Exercise brief: Each line below is to be copied exactly; images do not go into the copy.

Information provided:
=== Section Start ===
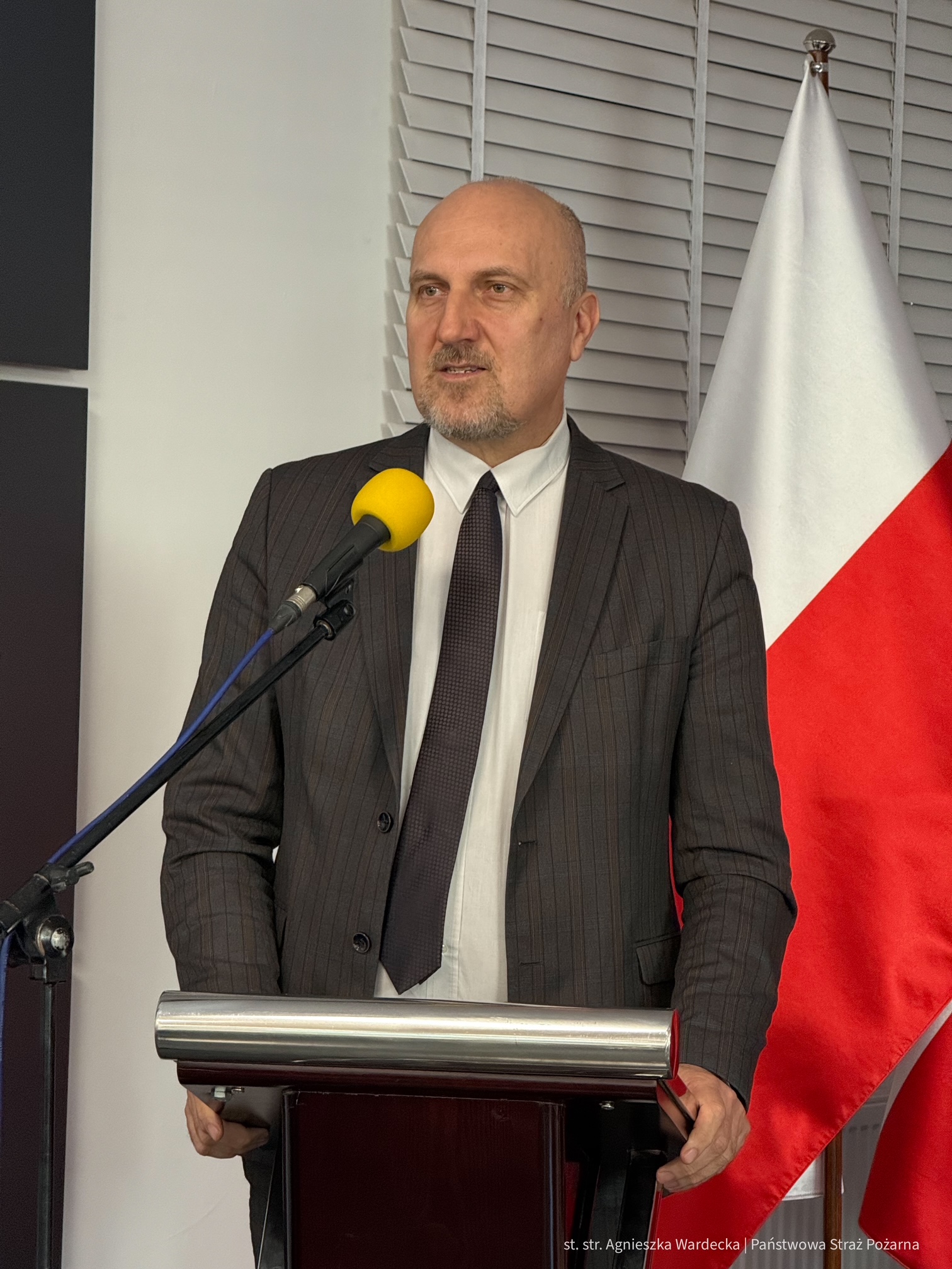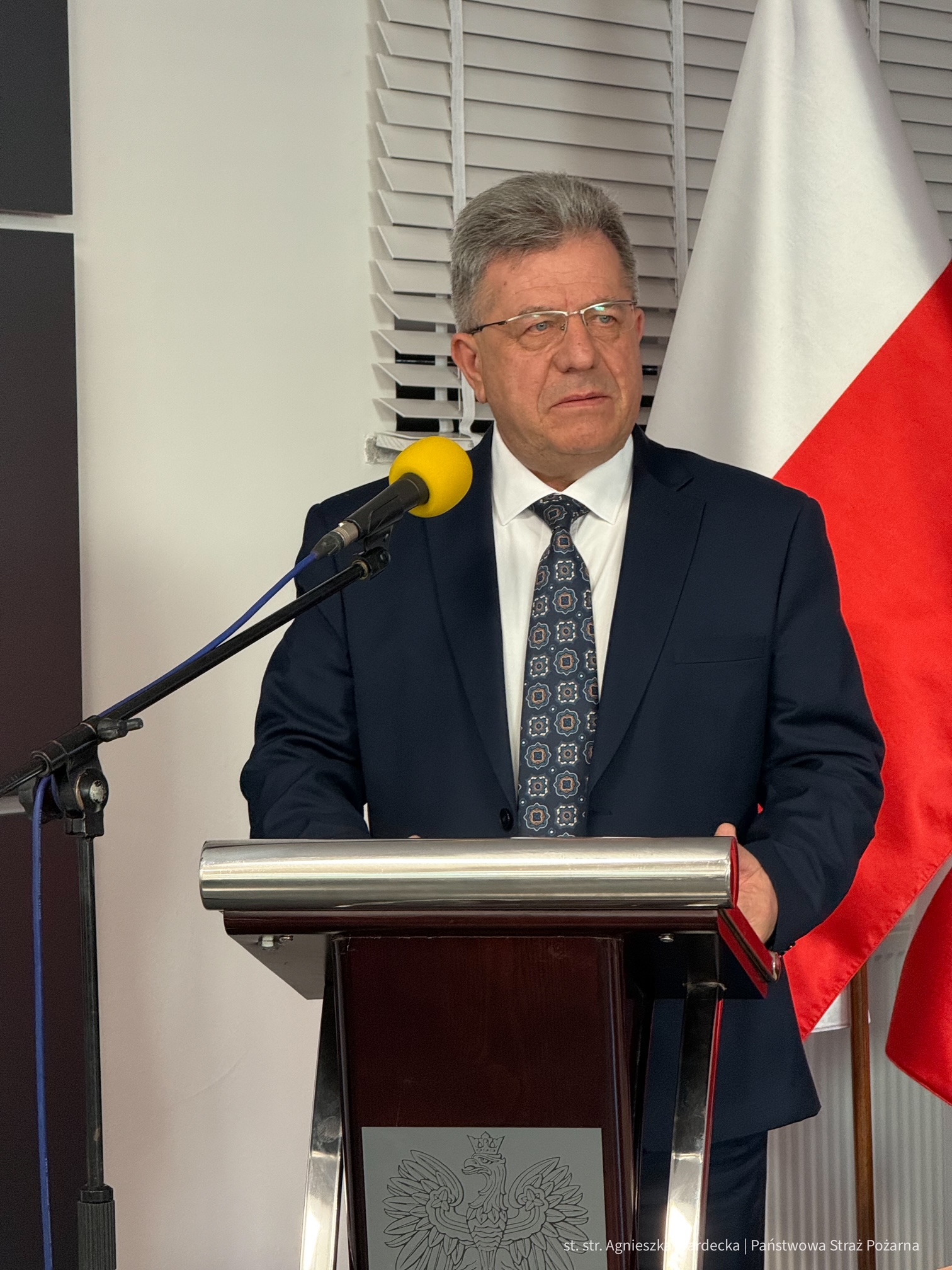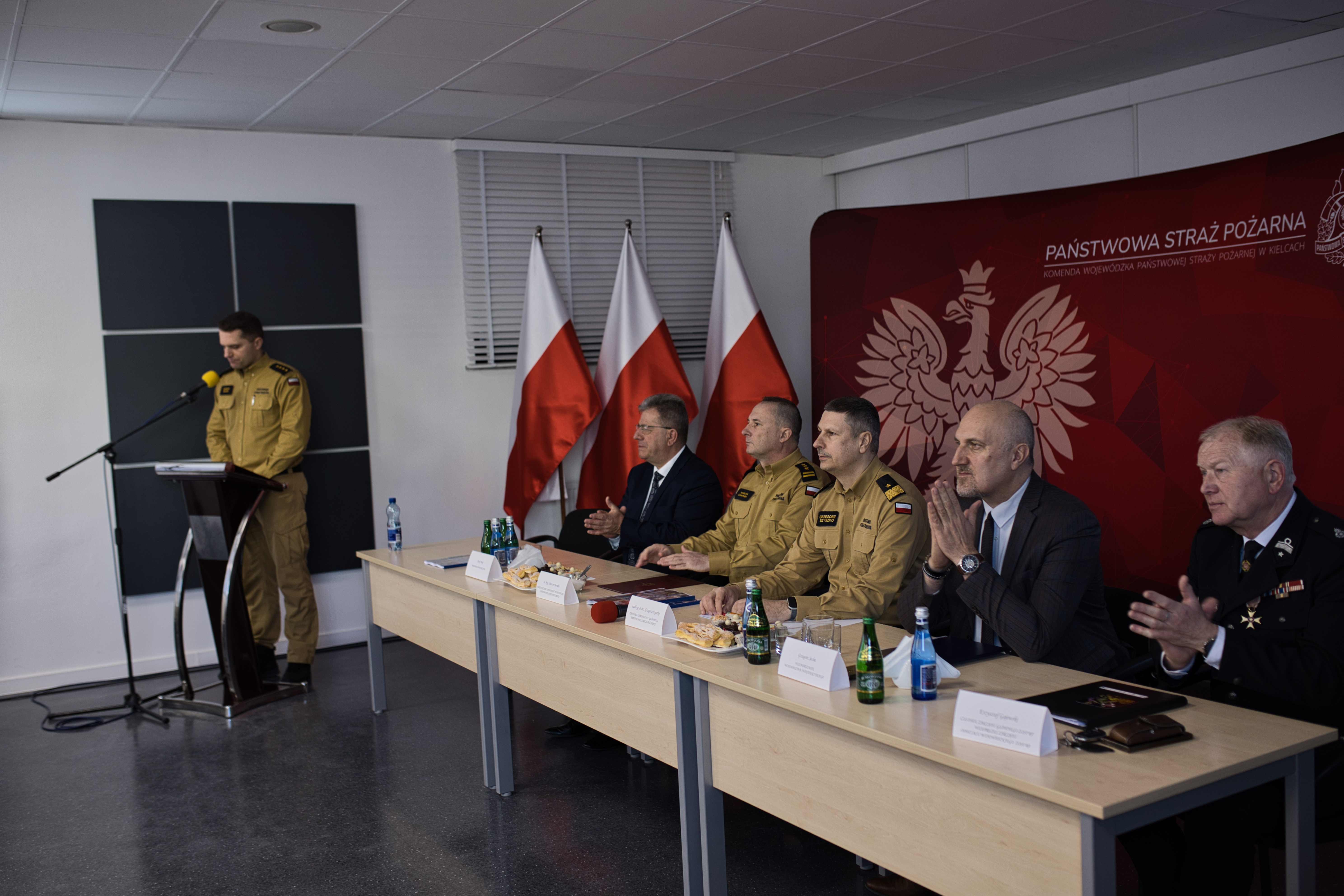 Druh v-ce Prezes Zarządu Oddziału Wojewódzkiego Związku OSP RP w Kielcach podziękował za współpracę PSP z jednostkami Ochotniczych Straży Pożarnych. Podkreślił rolę środków z ustawy o ochronie ludności i obronie cywilnej dla poprawy bezpieczeństwa mieszkańców regionu.
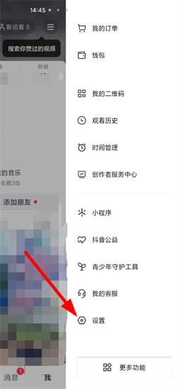 2、我们在右侧弹出来的选项之中找到设置,然后点击进入。
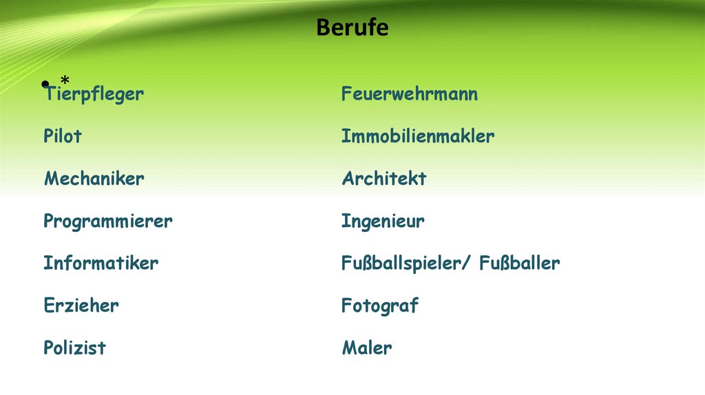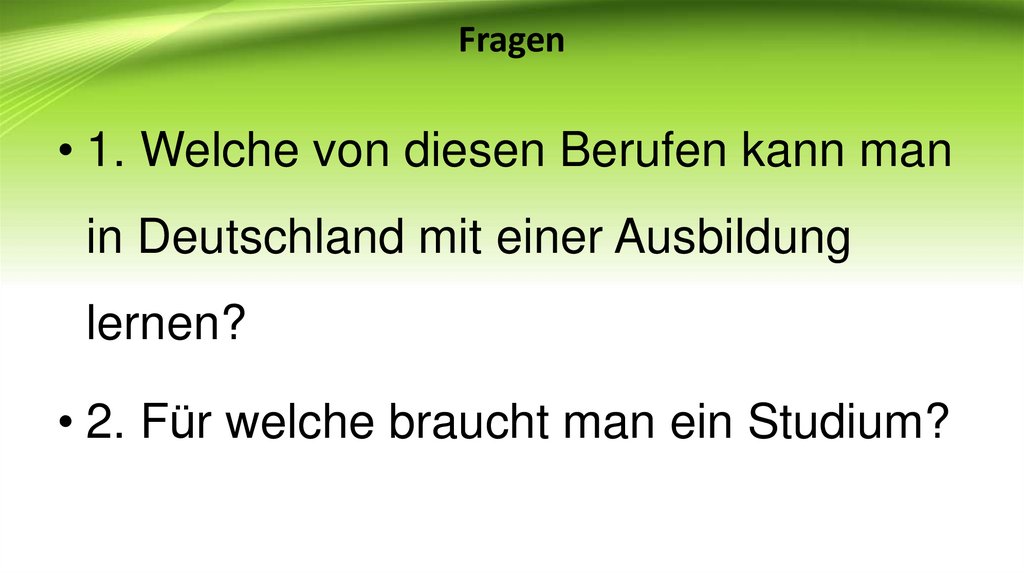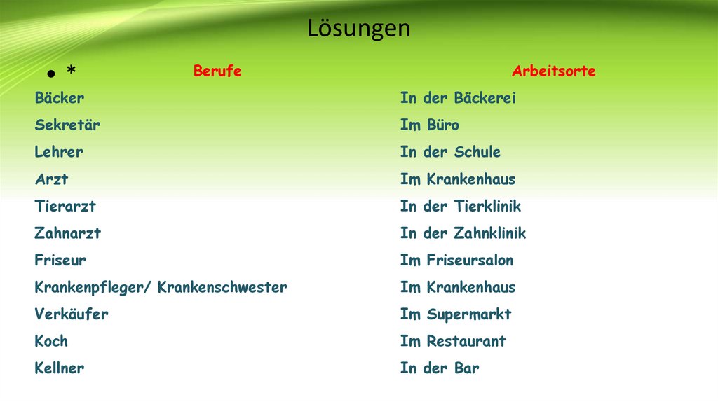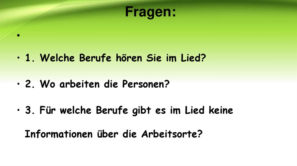 Fragen:• 1. Welche Berufe hören Sie im Lied?
=== Section End ===
Answer section:
 Druh v-ce Prezes Zarządu Oddziału Wojewódzkiego Związku OSP RP w Kielcach podziękował za współpracę PSP z jednostkami Ochotniczych Straży Pożarnych. Podkreślił rolę środków z ustawy o ochronie ludności i obronie cywilnej dla poprawy bezpieczeństwa mieszkańców regionu.
 2、我们在右侧弹出来的选项之中找到设置,然后点击进入。
 Fragen:• 1. Welche Berufe hören Sie im Lied?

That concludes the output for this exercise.